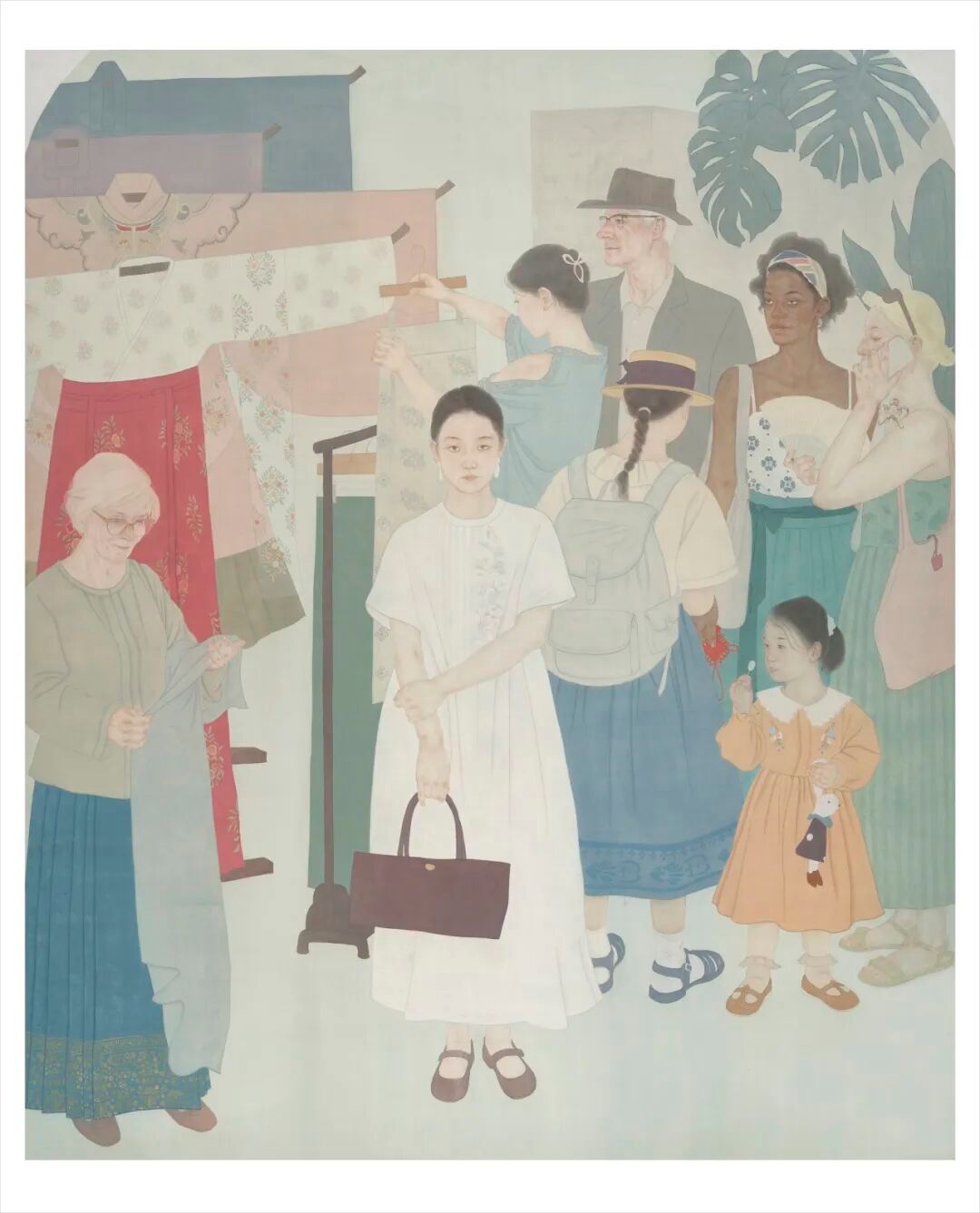 以工笔描绘汉服文化在当代的多元传播场景,呈现出传统与现代、东方与世界的交融图景。作品中,汉服作为中华优秀传统文化的重要符号,不仅承载着古典的礼仪精神与美学意蕴,更在跨文化交流的语境中焕发新生。画面中来自不同民族与文化背景的人物共同欣赏、体验、与互动汉服,象征着文化在交流与共享中实现理解与认同。通过青绿设色与丝路纹样的融入,体现中华文明开放包容的特质,呼应交流互鉴的时代精神,传递出在全球化语境下中华文化的魅力与影响力。
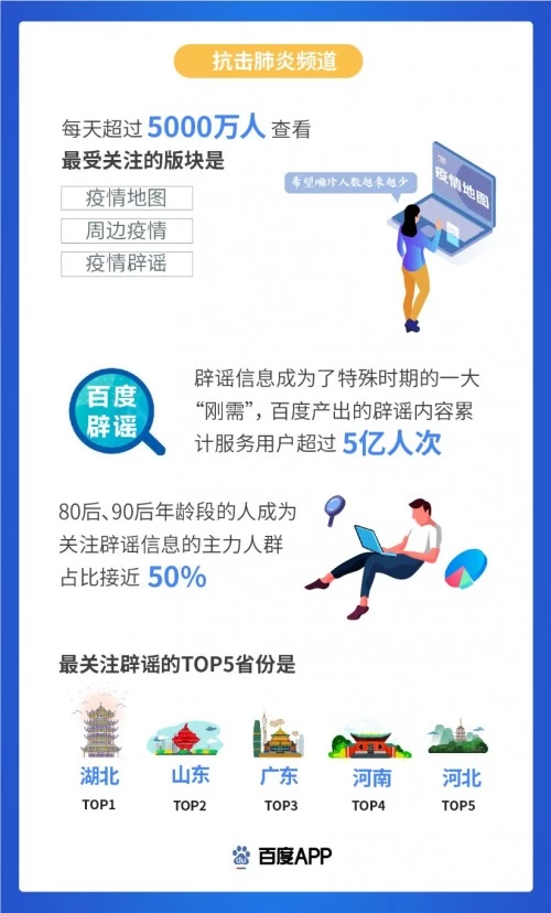 信息井喷的时代,各路消息真假难辨,为此百度也为用户构建起了一道拒绝谣言和恐慌情绪的信息壁垒。截至2月20日,百度产出的辟谣内容累计服务用户超过5亿人次。其中80、90后年龄段人群对辟谣信息尤其关注,占比近50%;湖北、山东、广东等为最关注辟谣的省份。
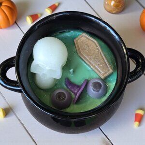 Style Tags: witch cauldron candle ✦ skull candle ✦ Halloween décor ✦ artisan candle ✦ spooky collectible
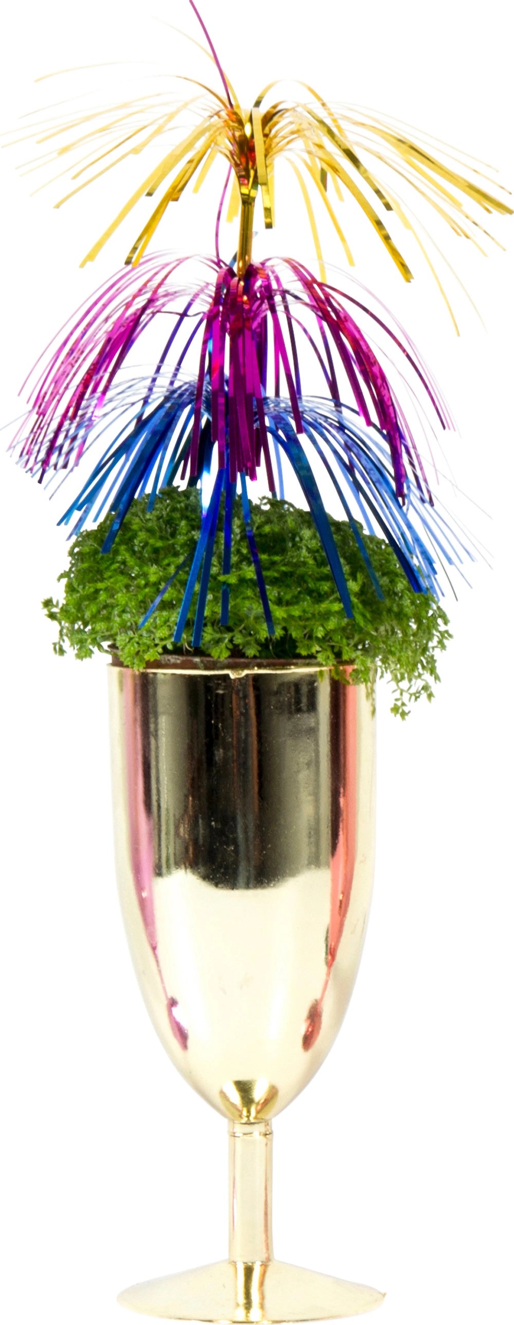 Vraneček (Selanginella) je k dostání ve sklenkách na sekt v různých barvách s dekorativním zápichem ve stylu oslavy. Vraneček je velmi nenáročná pokojová rostlina se zelenými listy. Nejraději má vysokou vlhkost vzduchu a světlé stanoviště bez přímého slunce. Při pravidelné zálivce poskytuje dlouhodobé potěšení.
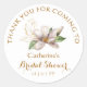 Watercolor Magnolia Lila Floral Brautparty Danke Stickers bietet elegante Aquarellfarben magnolia Blume in weicher Lavendel und lila mit grünen Blätter auf einem weißen Hintergrund mit Gold mit Ihrem Brautparty Dankeschön. Für Sie entworfen von Evco Studio www.zazzle.com/store/evcostudio
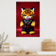A cute and adorable plush toy Jaguar in a black and red ninja clothes. This is a AI generated art.
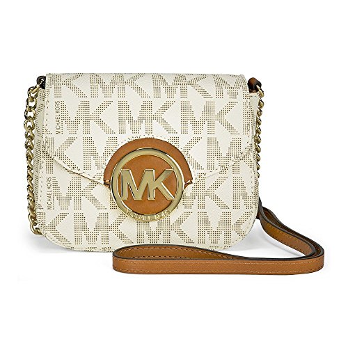 MICHAEL KORS FULTON VANILLA PVC MK SIGNATURE SMALL CROSSBODY BAG 32T4GFTC1B NEW
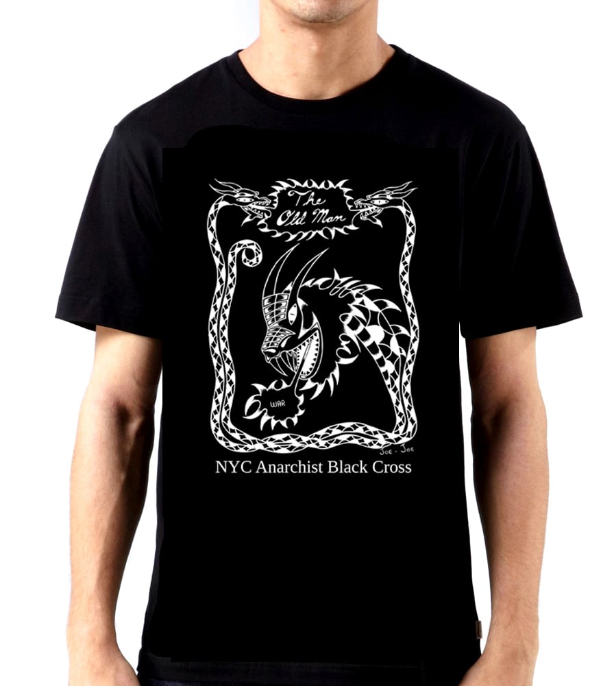 A dragon breathing the word "war" in a ball of flames. Do you need more of a description? The original artwork for this t-shirt design came to us directly from "The Old Man," Joe-Joe Bowen, a Black Liberation Army prisoner serving life for killing the warden of a prison in Pennsylvania.
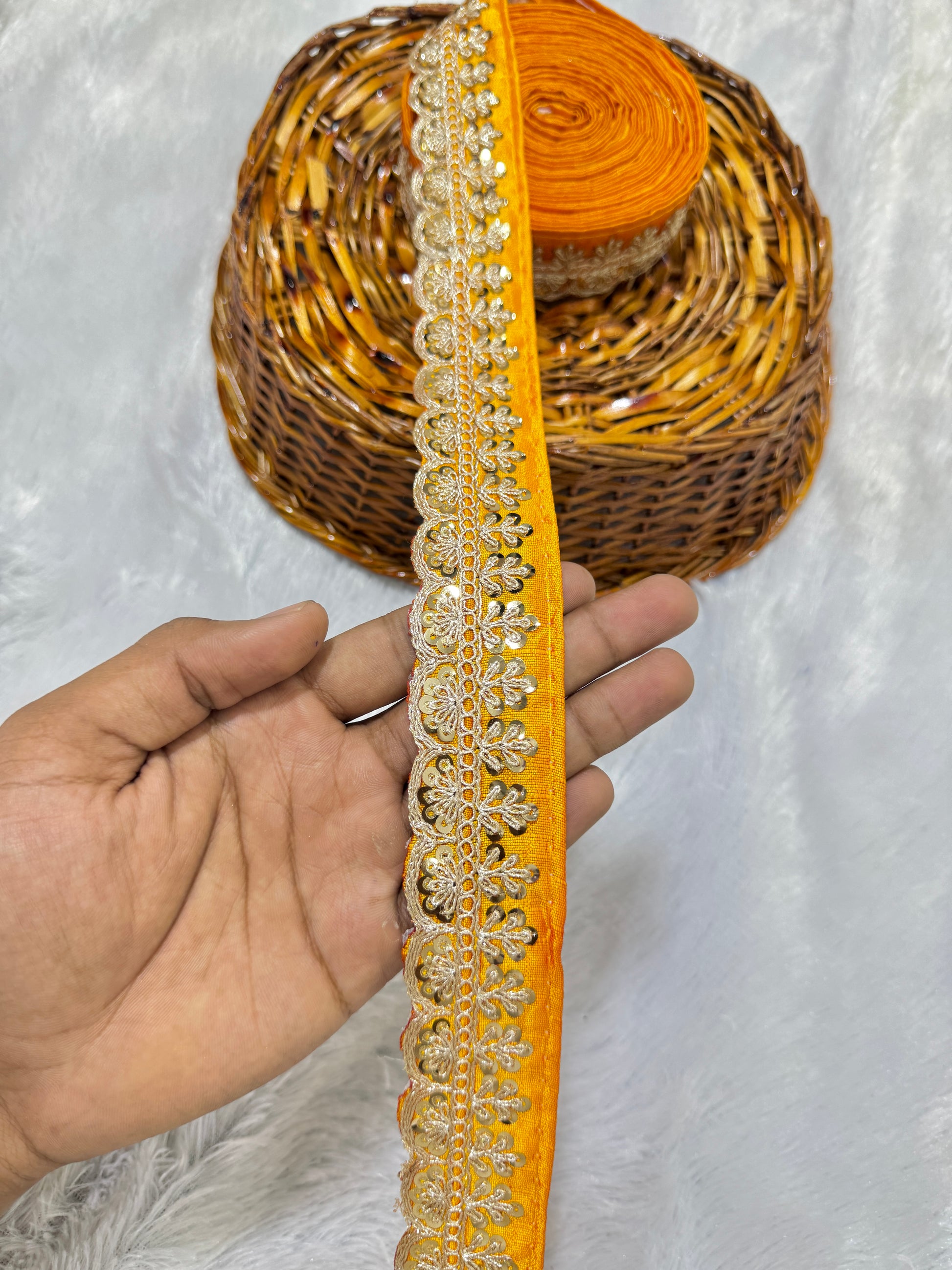 rawsilk fancy lace border with coding work sequence (pack of 9 meter)Bright Marigold Orange. 🟧🌼
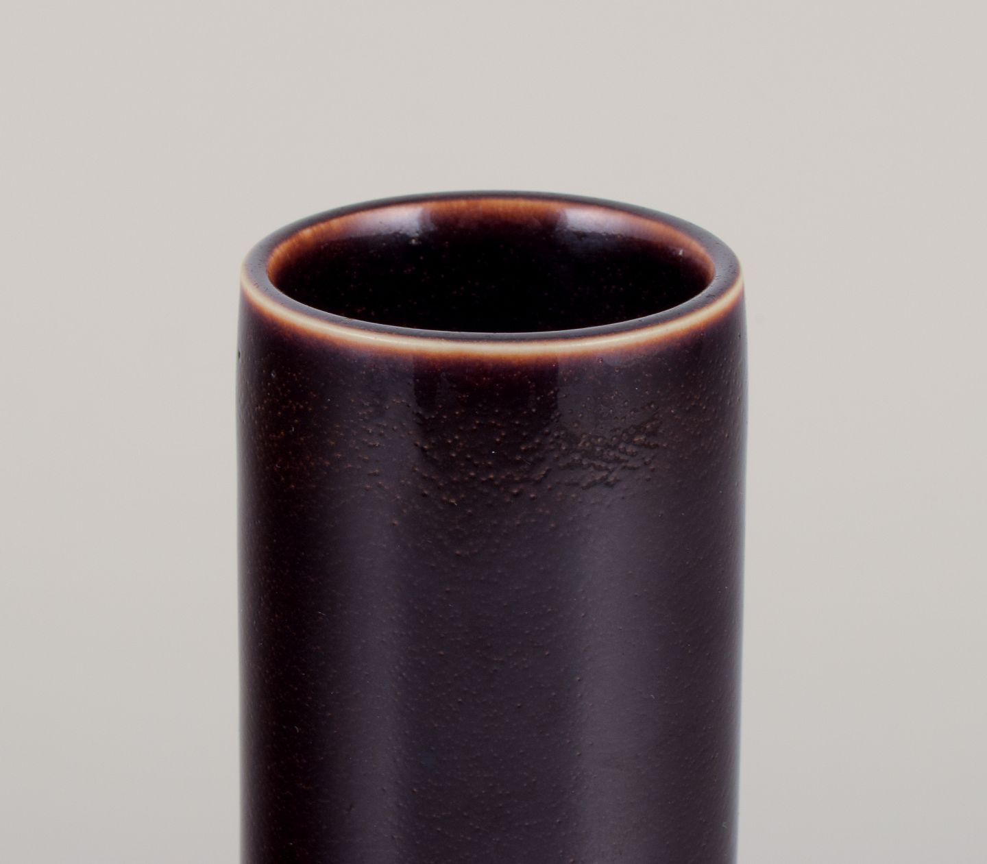 Unika keramikvase. Cylinderformet. Glasur i brune nuancer.
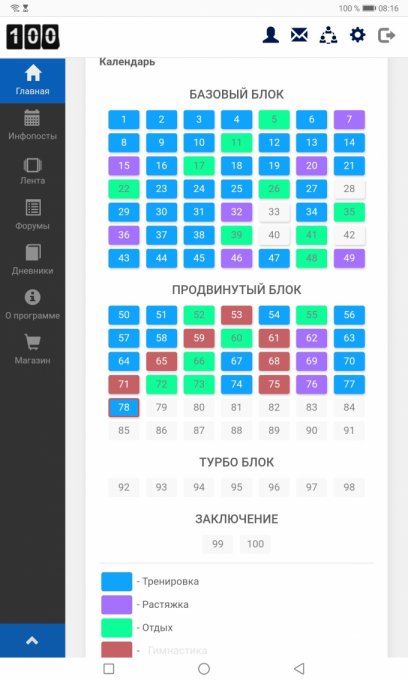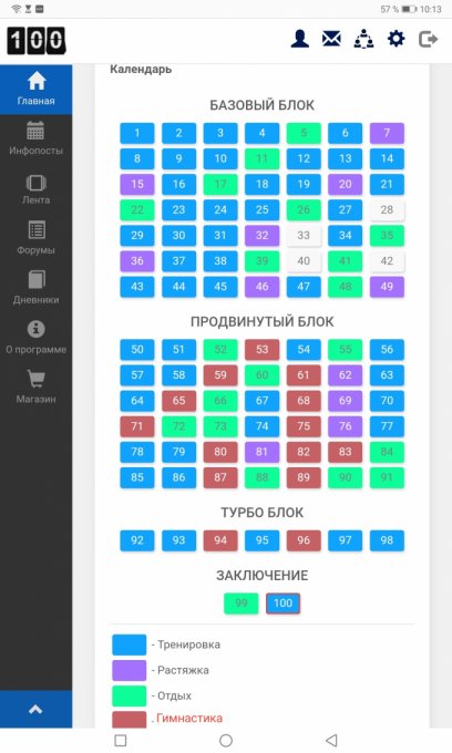 Итак, с перемененным успехом я прошла стодневку https://100.workout.su/

#### Activity:
Stop after the line containing "A cute and adorable": copy the records exactly from the first line up to there, leaving pictures out.

#### Exercise result:
 以工笔描绘汉服文化在当代的多元传播场景,呈现出传统与现代、东方与世界的交融图景。作品中,汉服作为中华优秀传统文化的重要符号,不仅承载着古典的礼仪精神与美学意蕴,更在跨文化交流的语境中焕发新生。画面中来自不同民族与文化背景的人物共同欣赏、体验、与互动汉服,象征着文化在交流与共享中实现理解与认同。通过青绿设色与丝路纹样的融入,体现中华文明开放包容的特质,呼应交流互鉴的时代精神,传递出在全球化语境下中华文化的魅力与影响力。
 信息井喷的时代,各路消息真假难辨,为此百度也为用户构建起了一道拒绝谣言和恐慌情绪的信息壁垒。截至2月20日,百度产出的辟谣内容累计服务用户超过5亿人次。其中80、90后年龄段人群对辟谣信息尤其关注,占比近50%;湖北、山东、广东等为最关注辟谣的省份。
 Style Tags: witch cauldron candle ✦ skull candle ✦ Halloween décor ✦ artisan candle ✦ spooky collectible
 Vraneček (Selanginella) je k dostání ve sklenkách na sekt v různých barvách s dekorativním zápichem ve stylu oslavy. Vraneček je velmi nenáročná pokojová rostlina se zelenými listy. Nejraději má vysokou vlhkost vzduchu a světlé stanoviště bez přímého slunce. Při pravidelné zálivce poskytuje dlouhodobé potěšení.
 Watercolor Magnolia Lila Floral Brautparty Danke Stickers bietet elegante Aquarellfarben magnolia Blume in weicher Lavendel und lila mit grünen Blätter auf einem weißen Hintergrund mit Gold mit Ihrem Brautparty Dankeschön. Für Sie entworfen von Evco Studio www.zazzle.com/store/evcostudio
A cute and adorable plush toy Jaguar in a black and red ninja clothes. This is a AI generated art.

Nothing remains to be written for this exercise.